Children and adolescents: Nexium should not be used in children since no data is available.
Impaired renal function: Dose adjustment is not required in patients with impaired renal function. Due to limited experience in patients with severe renal insufficiency, such patients should be treated with caution (see Pharmacology: Pharmacokinetics under Actions).
Impaired hepatic function: GERD: Dose adjustment is not required in patients with mild to moderate liver impairment. For patients with severe liver impairment, a maximum daily dose of 20 mg Nexium should not be exceeded (see Pharmacology: Pharmacokinetics under Actions).

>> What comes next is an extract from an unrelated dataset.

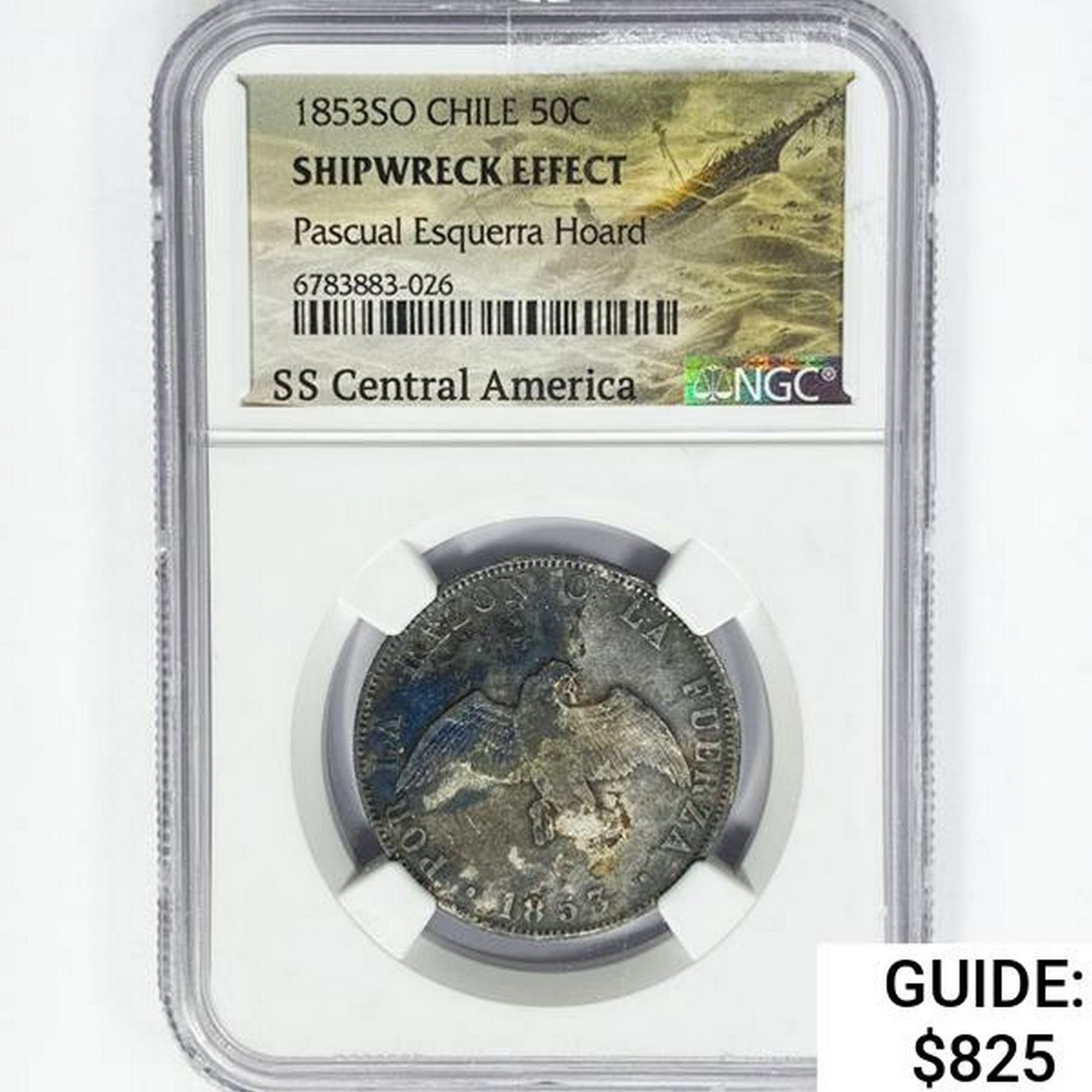 1853SO 50C Chile NGC ShipwreckSS Central America N

Bleeding ulcers: Dose adjustment is not required in patients with mild to moderate liver impairment. For patients with severe liver impairment, following an initial bolus dose of 80 mg Nexium for infusion, a continuous intravenous infusion dose of 4 mg/h for 71.5 hours may be sufficient (see Pharmacology: Pharmacokinetics under Actions).

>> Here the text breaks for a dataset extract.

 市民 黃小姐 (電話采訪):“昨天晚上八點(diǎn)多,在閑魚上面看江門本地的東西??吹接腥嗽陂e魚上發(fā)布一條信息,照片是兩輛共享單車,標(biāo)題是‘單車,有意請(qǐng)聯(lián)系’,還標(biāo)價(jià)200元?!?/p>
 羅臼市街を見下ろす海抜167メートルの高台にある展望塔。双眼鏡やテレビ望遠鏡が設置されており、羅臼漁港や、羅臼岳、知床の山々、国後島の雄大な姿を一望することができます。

Elderly: Dose adjustment is not required in the elderly.

There is very limited experience to date with deliberate overdose. The symptoms described in connection with an oral dose of 280 mg were gastrointestinal symptoms and weakness. Single oral doses of 80 mg esomeprazole (Gastro-resistant tablet) and intravenous doses of 308 mg esomeprazole over 24 hours (Powder for solution for injection) were uneventful. No specific antidote is known. Esomeprazole is extensively plasma protein bound and is therefore not readily dialyzable. As in any case of overdose, treatment should be symptomatic and general supportive measures should be utilised.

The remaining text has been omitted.